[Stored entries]
"""
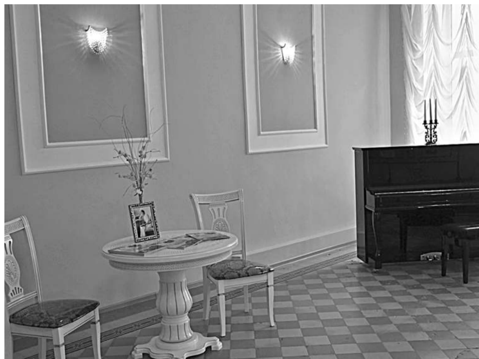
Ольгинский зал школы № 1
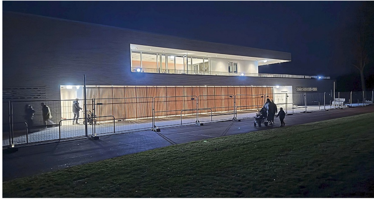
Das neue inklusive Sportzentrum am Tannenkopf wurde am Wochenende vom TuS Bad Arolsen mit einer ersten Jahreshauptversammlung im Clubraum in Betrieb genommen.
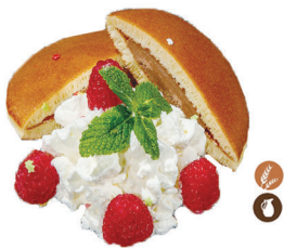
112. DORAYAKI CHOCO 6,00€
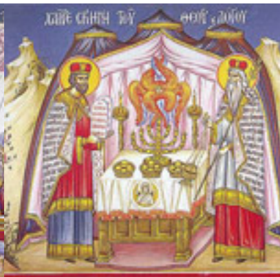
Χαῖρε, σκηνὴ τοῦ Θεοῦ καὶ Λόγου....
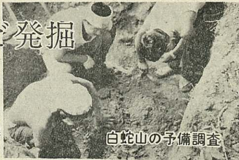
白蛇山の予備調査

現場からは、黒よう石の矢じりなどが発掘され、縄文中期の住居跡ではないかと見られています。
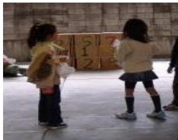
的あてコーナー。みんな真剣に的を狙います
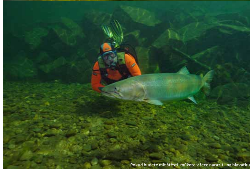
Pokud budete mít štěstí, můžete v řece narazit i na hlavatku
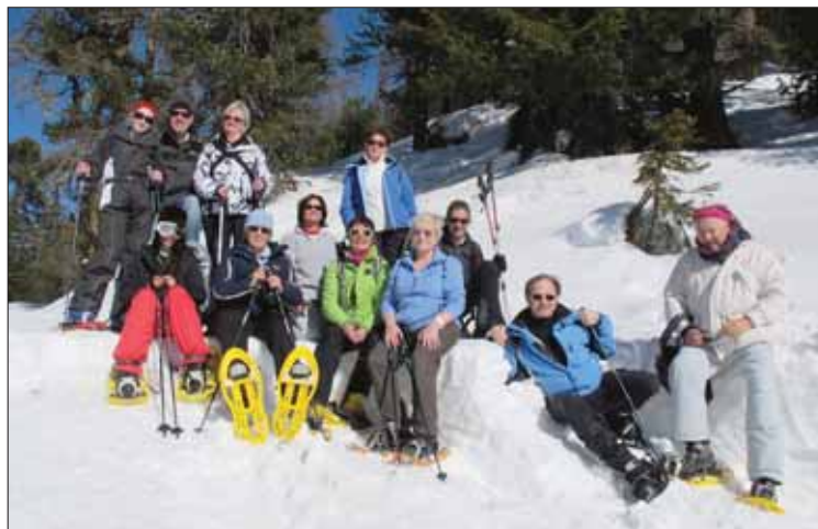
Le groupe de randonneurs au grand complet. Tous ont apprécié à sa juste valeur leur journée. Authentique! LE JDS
"""
Exact copy required, pictures excluded: the lines from the one holding "112. DORAYAKI CHOCO 6,00€" through the last line of the data, both ends included.

## WRITTEN ANSWER
112. DORAYAKI CHOCO 6,00€
Χαῖρε, σκηνὴ τοῦ Θεοῦ καὶ Λόγου....
白蛇山の予備調査

現場からは、黒よう石の矢じりなどが発掘され、縄文中期の住居跡ではないかと見られています。
的あてコーナー。みんな真剣に的を狙います
Pokud budete mít štěstí, můžete v řece narazit i na hlavatku
Le groupe de randonneurs au grand complet. Tous ont apprécié à sa juste valeur leur journée. Authentique! LE JDS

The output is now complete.